What is the Condition for a Unique Solution in a Complex Functional Equation?

[utkarshakash]

Homework Statement

Suppose f(z) is a possibly complex valued function of a complex valued function of a complex number z, which satisfies a functional equation of the form [itex]af(z)+bf(\omega ^2 z)=g(z)[/itex] for all z in C, where a and b are some fixed complex numbers and g(z) is some function of z and ω is cube root of unity (ω≠1), then f(z) can be determined uniquely if
a)a+b=0
b)a^2+b^2≠0
c)a^3+b^3≠0
d)a^3+b^3=0

The Attempt at a Solution

If I substitute ω^2z in place of z the equation reduces to
[itex]af(\omega ^2 z) + bf(\omega z) = g(\omega ^2 z)[/itex]

Now if I add both eqns [itex]f(\omega ^2 z)(a+b)+af(z)+bf(\omega z)=g(z)+g(\omega ^2 z) [/itex]

 

[pasmith]

Homework Statement

Suppose f(z) is a possibly complex valued function of a complex valued function of a complex number z, which satisfies a functional equation of the form [itex]af(z)+bf(\omega ^2 z)=g(z)[/itex] for all z in C, where a and b are some fixed complex numbers and g(z) is some function of z and ω is cube root of unity (ω≠1), then f(z) can be determined uniquely if
a)a+b=0
b)a^2+b^2≠0
c)a^3+b^3≠0
d)a^3+b^3=0

The Attempt at a Solution

If I substitute ω^2z in place of z the equation reduces to
[itex]af(\omega ^2 z) + bf(\omega z) = g(\omega ^2 z)[/itex]

Good start.

You have three unknowns [itex]f(z), f(\omega z), f(\omega^2 z)[/itex], so to determine them uniquely you need three equations. You have the original functional equation and the result of substituting [itex]\omega^2 z[/itex] in place of z; can you think of a way to obtain a third equation?

 

[utkarshakash]

Good start.

You have three unknowns [itex]f(z), f(\omega z), f(\omega^2 z)[/itex], so to determine them uniquely you need three equations.
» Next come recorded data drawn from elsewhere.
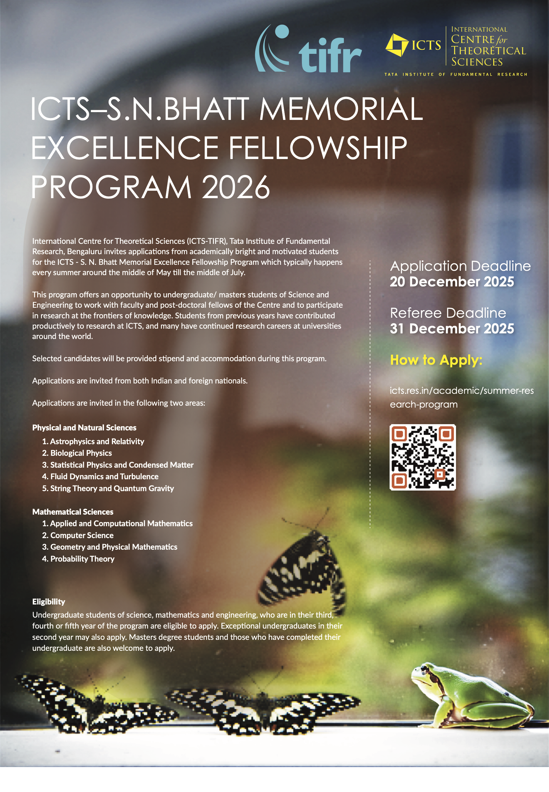 Applicants who are required to send the applications by post must superscribe the program name on the envelope. Applications by post must reach Academic Office, ICTS-TIFR campus, Survey No. 151, Shivakote Village, Hesaraghatta Hobli, North Bangalore 560089 by 20 December 2025.
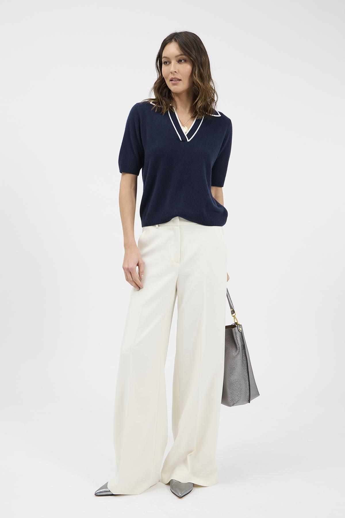 • Polokragen mit farblich abgesetzter Kante
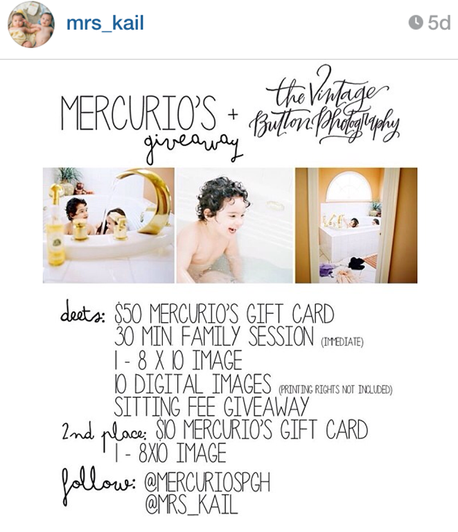 Abby is doing a Giveaway with a local Restaurant (Pizza Shop & Gelato) called Mercurio’s. You can enter by following Abby on Instagram & going into the Mercurio Restaurant in Pittsburgh! How fun. Winner will be drawn on the 16th so why not make some Valentine’s plans for some pizza & gelato? Sounds delish to me.
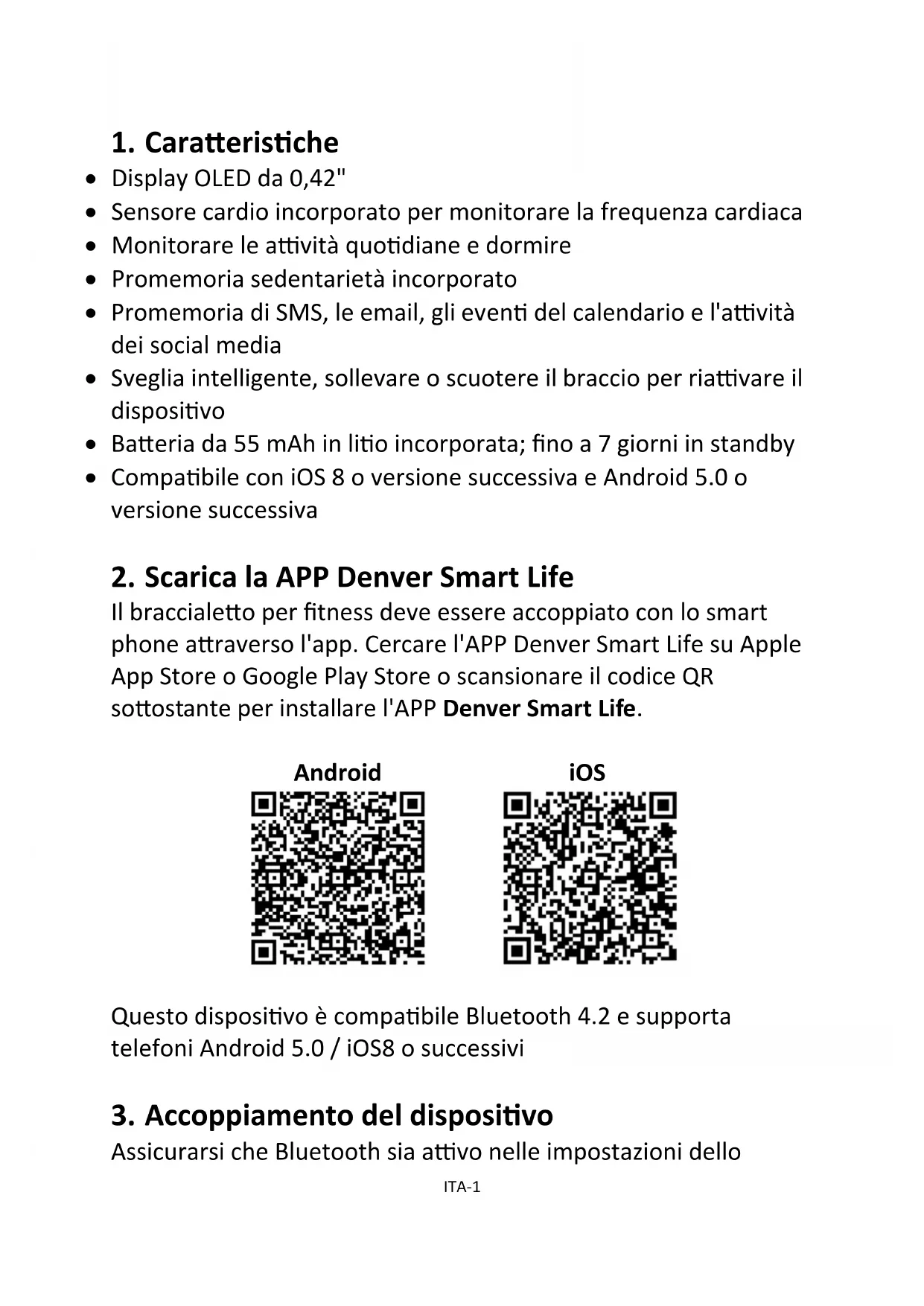 Il braccialetto per fitness deve essere accoppiato con lo smart phone attraverso l'app. Cercare l'APP Denver Smart Life su Apple App Store o Google Play Store o scansionare il codice QR sottostante per installare l'APP Denver Smart Life. Android iOS

You have the original functional equation and the result of substituting [itex]\omega^2 z[/itex] in place of z; can you think of a way to obtain a third equation?

I substituted ωz in place of z.

[itex]af(\omega z) + bf(z) = g(\omega z)[/itex]

Now If I add all the three eqns I get

[itex](a+b)(f(z)+f(\omega z)+f(\omega ^2 z))=g(z)+g(\omega z)+g(\omega ^2 z)[/itex]

 

[pasmith]

I substituted ωz in place of z.

[itex]af(\omega z) + bf(z) = g(\omega z)[/itex]

Now If I add all the three eqns I get

[itex](a+b)(f(z)+f(\omega z)+f(\omega ^2 z))=g(z)+g(\omega z)+g(\omega ^2 z)[/itex]

You have
[tex]
af(z) + bf(\omega^2 z) = g(z) \\
af(\omega z) + bf(z) = g(\omega z) \\
af(\omega^2 z) + bf(\omega z) = g(\omega^2 z)
[/tex]
which is a system of linear simultaneous equations for the unknowns [itex]f(z), f(\omega z), f(\omega^2 z)[/itex]. What condition do [itex]a[/itex] and [itex]b[/itex] have to satisfy for this linear system to have a unique solution?